Life chirality problem can be solved in more steps. A most general question is, why the organisms are accepting the matter and energy in different ways, at second we should explain, why the energy and building blocks molecules differs in chirality, while the third (apparently more difficult question) is, why just the D-sugars and L-amino-acids are accepted by living creatures, but not vice-versa.
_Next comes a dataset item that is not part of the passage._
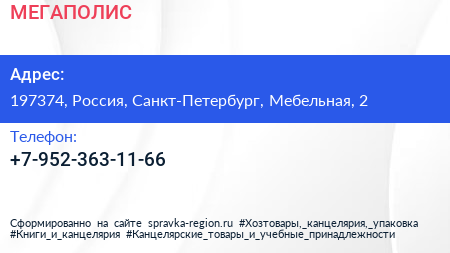 МЕГАПОЛИС по адресу 197374, Россия, Санкт-Петербург, Мебельная, 2 в дальнейшем Организация, размещена в следующих категориях:

The first question isn't so apparent in this moment, but it's connected to dual character of stable forms of matter, which are divided into fermions (female) and boson (male) particles (elements). Both males, both females are occupying their homes/shells/nests, which can be interpreted as sinuses formed by building blocks. In social species, the females are collecting a building blocks, while males are foraging another energy sources preferably. The second question is related to problem, why the building blocks are usually collected from local sources or proximity, while food and energy sources are collected from longer distance and the third problem is related to question, why females tends to forage a food and building blocks, while the males are specialized in collecting of energy sources preferably, usually from outside of their homes.
We can observe an apparent chirality in SU(3) Young polyominos defined in 3D by 2x2x2 Jourdan triade matrix of mutual male/female, mass/energy and proximity/distance dualities, which follows from the fact, the males are movable like energy supplies (a prey) and therefore they appear at the longer distance from homes. This chirality is repeated in many fractal levels, because the fermion particles are serving as a food/energy supplies for subsequent nested levels of food chain.
By AWT the concept of CP invariance violation and chirality of life are closely related by concept of foam, composed of walls/membranes of nonzero thickness. The particles are formed by standing wave packets, spreading along surfaces of these membranes, but the situation of inner and outer surface isn't always very same.
The particles formed by inner gradients of Aether foam membranes are always of higher space-time curvature and mass/energy density, then these outer ones. During condensation of foam the particles formed by inner surfaces will condense into fermions - while the rest of matter will evaporate instead into particles of energy, i.e. the bosons. While total chirality is retained, the evaporating bosons are formed by super-symmetric anti-particles preferably. By AWT during Universe formation (a Big-Bang event) a symmetric graviton foam was formed first. This foam was formed by membranes with (nearly) no preference in concave or convex curvature. The similar foam is formed at the beginning of supercritical fluid condensation.
Whenever the density of graviton foam has increased, a second phase transition has occurred, so called the inflation. During this a system was formed, consisting of nested density fluctuations separated by membranes, composed by adjacent pair of surface gradients. After then the condensation of matter has separated into two branches. A density fluctuations formed by inner walls of foam branes have continued in condensation, forming a dense particles of observable matter. While the second portion of particles has evaporated instead into anti-symmetric bosons, which formed the sparse streaks of dark matter.
We can assume, the very same process has repeated later during life formation. By AWT the life was formed in so-called liposomes, formed by fragmentation of tiny oily droplets at the stormy surface of ancient oceans. Every liposome is very small (i.e. of high surface curvature) and it has a double surface, formed by hydrophobic membranes. In such system, the surface tension phenomena cannot be neglected, because the highly concave surface exhibits so-called superhydrophobicity, so it repels the carbohydrate molecules with many -OH functional groups, which are collected preferably inside of liposome. While the building blocks of organic matter, i.e. the amino-acids with hydrophobic radicals should adsorb at the outer surface of liposome, preferably. This forms natural condition for spatial arrangement of t-RNA components at the phase interface of liposomes. They should probably form spontaneously in thin dispersion of lipids in solution of aminoacids and ribose mixture.
The chirality of liposome follows from so called Hairy ball theorem: every surface of droplet should contain an at least two quantum vortices (an analogy of Cooper pairs condensation in solid state physics) and these vortices are of opposite chirality due the geometry reasons. So that the chiral molecules should separate on both surfaces of liposome by its helicity. For liposomes of larger diameter there is higher number of quantum vortices just at the outer surface of liposome, which is always slightly larger due the nonzero thickness of lipid bilayer (a liposome membrane).
By such way, a chiral organic molecules should obtain their distribution from the very beginning of liposome formation, i.e. it's not accidental, one-shot process depending on panspermia event - but in quite reversible process, which should be replicated in experiments both in supercritical fluid or boson condensate systems, both in liposome dispersions in laboratory conditions. This explanation supports the contemporary models of terrestrial life formation, by which sponges are one of the first multicellular organisms. By AWT the life was formed from liposome foam and the ancient sponges are just another nested phase of it (i.e. sponge of cellular sponge by the same way, like atom nuclei are formed by quantum foam of smaller strings, etc..).
Energy spreads by slowest speed just along foam surfaces, so AWT prefers atemporal fractal foam structures during gradual evolution of complexity over other geometries and the above findings are consistent with this concept.